Work required:
Only the lines below between the one holding "9일 오후 서울 SBS" and the one holding "These are three", inclusive, are to be reproduced word for word; the pictures are to be left out.

== Data shown ==

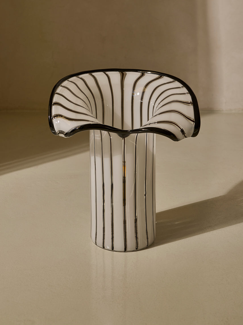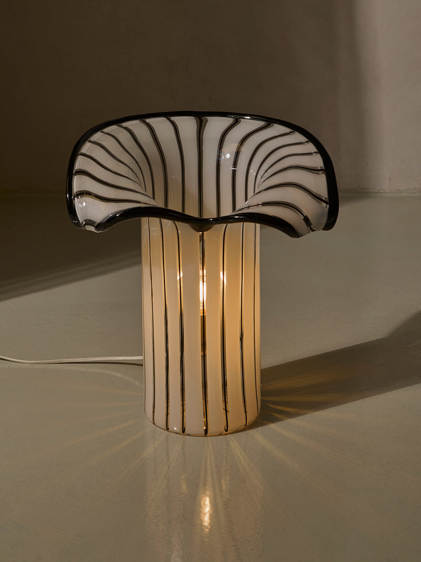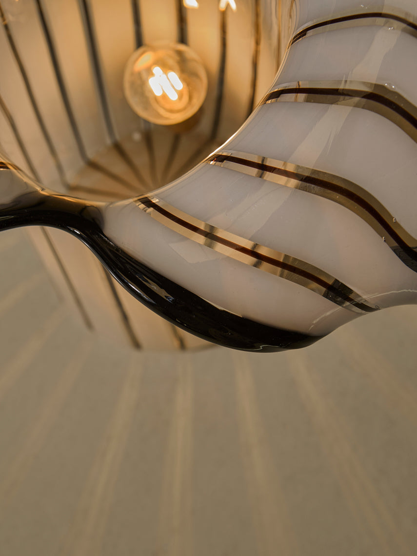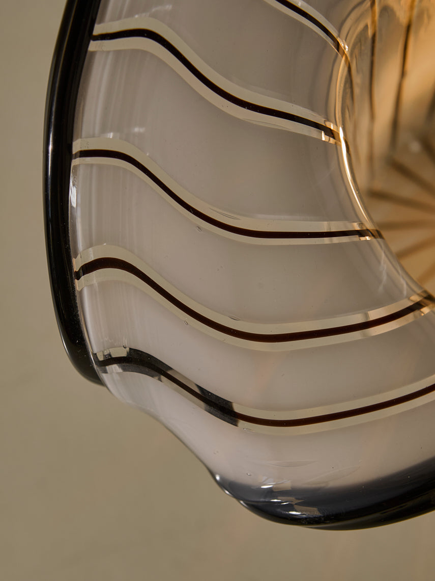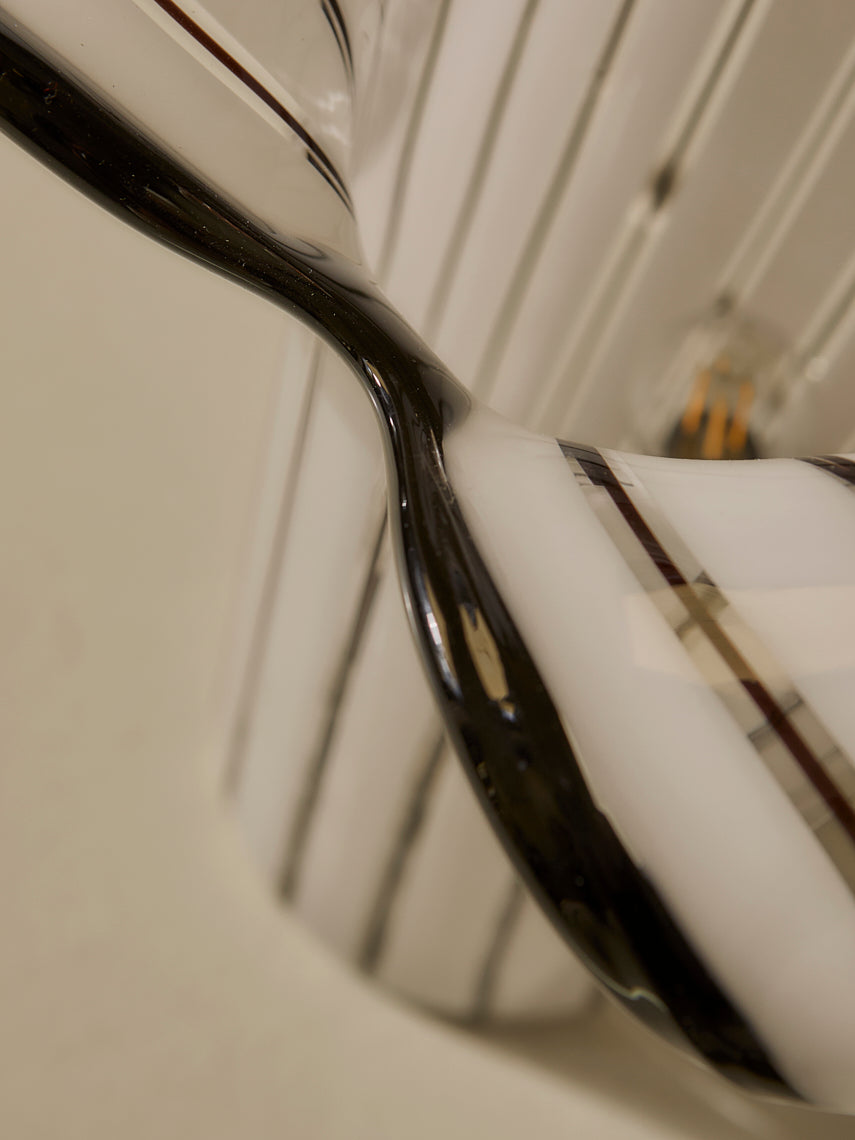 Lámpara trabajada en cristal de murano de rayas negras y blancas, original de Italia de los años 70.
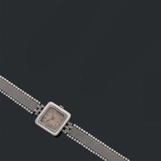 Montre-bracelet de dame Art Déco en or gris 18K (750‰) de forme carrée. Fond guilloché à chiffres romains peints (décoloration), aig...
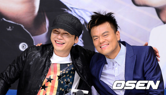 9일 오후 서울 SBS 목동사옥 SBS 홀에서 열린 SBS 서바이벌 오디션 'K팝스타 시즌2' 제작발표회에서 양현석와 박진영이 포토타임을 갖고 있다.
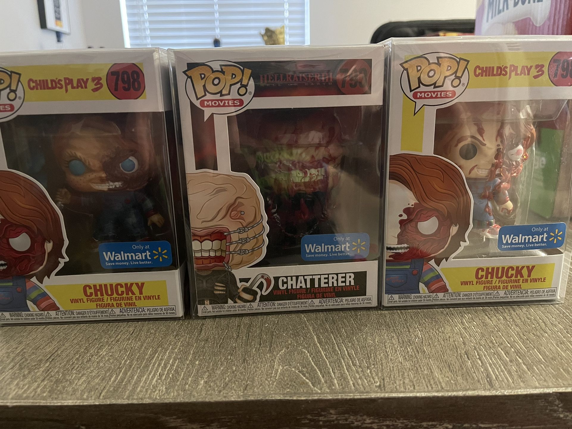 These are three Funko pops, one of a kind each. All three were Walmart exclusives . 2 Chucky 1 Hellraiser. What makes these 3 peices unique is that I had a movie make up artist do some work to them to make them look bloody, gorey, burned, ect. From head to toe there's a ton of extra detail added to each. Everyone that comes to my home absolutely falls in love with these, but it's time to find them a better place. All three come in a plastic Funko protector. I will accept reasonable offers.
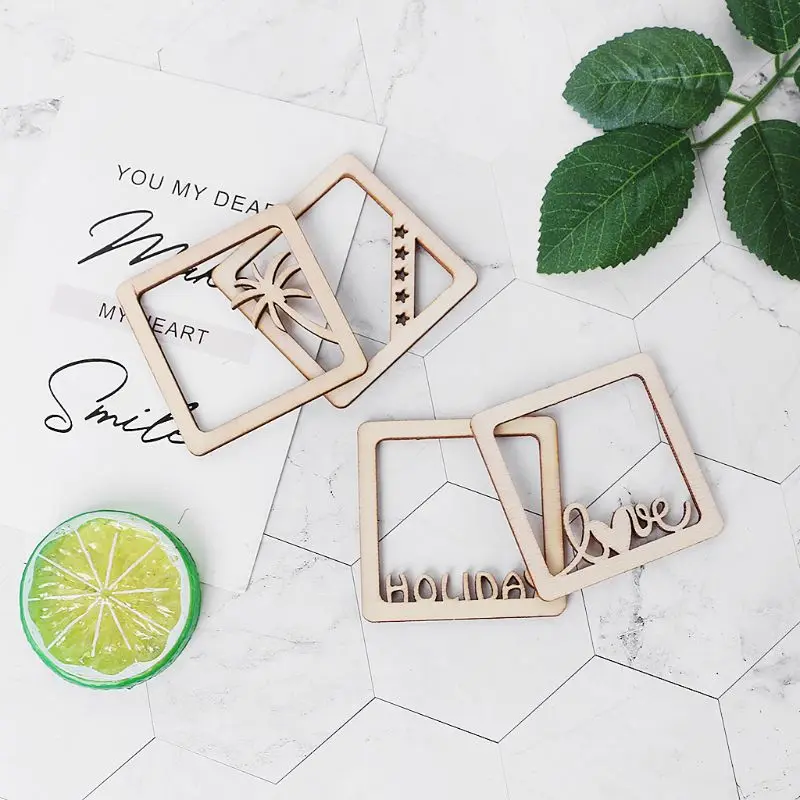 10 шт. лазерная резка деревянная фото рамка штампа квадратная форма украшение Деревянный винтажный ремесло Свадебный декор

===
== Data shown ==

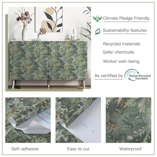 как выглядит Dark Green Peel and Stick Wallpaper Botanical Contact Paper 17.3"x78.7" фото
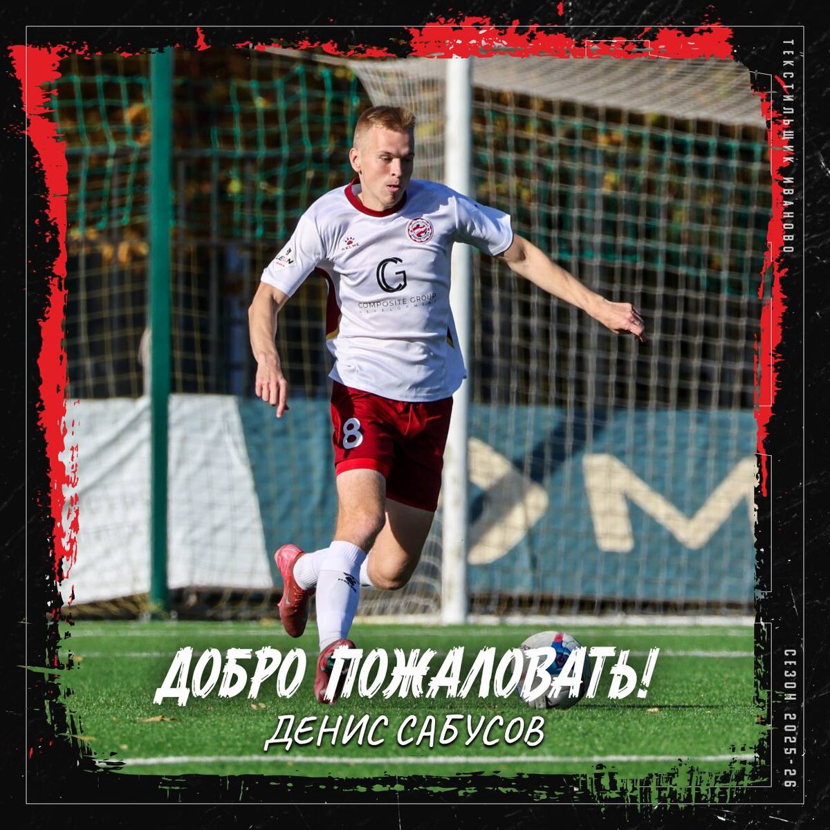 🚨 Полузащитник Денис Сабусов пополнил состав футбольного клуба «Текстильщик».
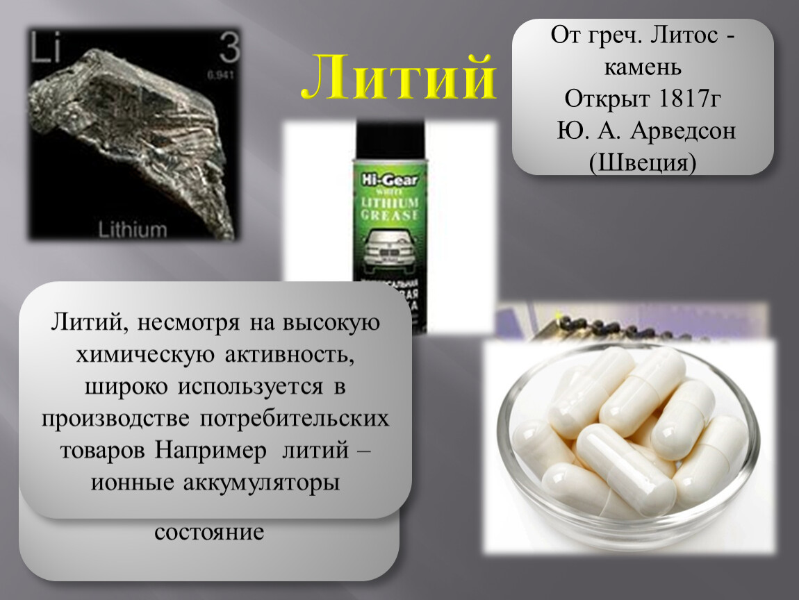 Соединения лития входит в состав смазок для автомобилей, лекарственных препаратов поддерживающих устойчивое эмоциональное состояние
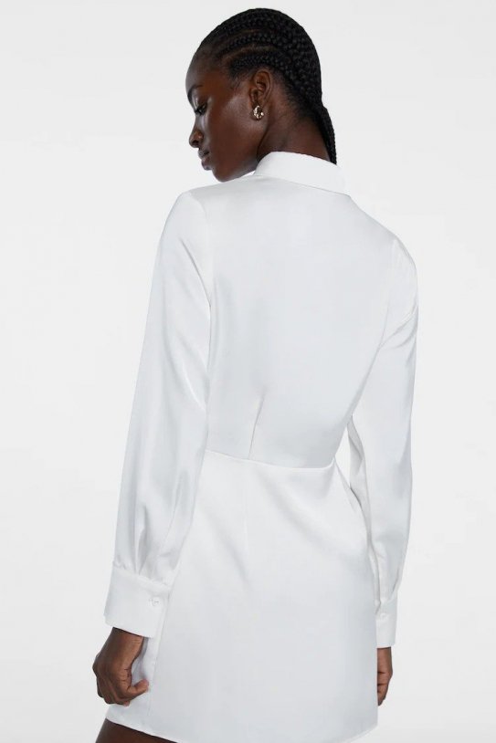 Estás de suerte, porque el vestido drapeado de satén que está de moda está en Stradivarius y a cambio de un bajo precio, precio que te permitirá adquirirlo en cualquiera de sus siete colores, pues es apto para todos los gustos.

===

Task result:
 9일 오후 서울 SBS 목동사옥 SBS 홀에서 열린 SBS 서바이벌 오디션 'K팝스타 시즌2' 제작발표회에서 양현석와 박진영이 포토타임을 갖고 있다.
 These are three Funko pops, one of a kind each. All three were Walmart exclusives . 2 Chucky 1 Hellraiser. What makes these 3 peices unique is that I had a movie make up artist do some work to them to make them look bloody, gorey, burned, ect. From head to toe there's a ton of extra detail added to each. Everyone that comes to my home absolutely falls in love with these, but it's time to find them a better place. All three come in a plastic Funko protector. I will accept reasonable offers.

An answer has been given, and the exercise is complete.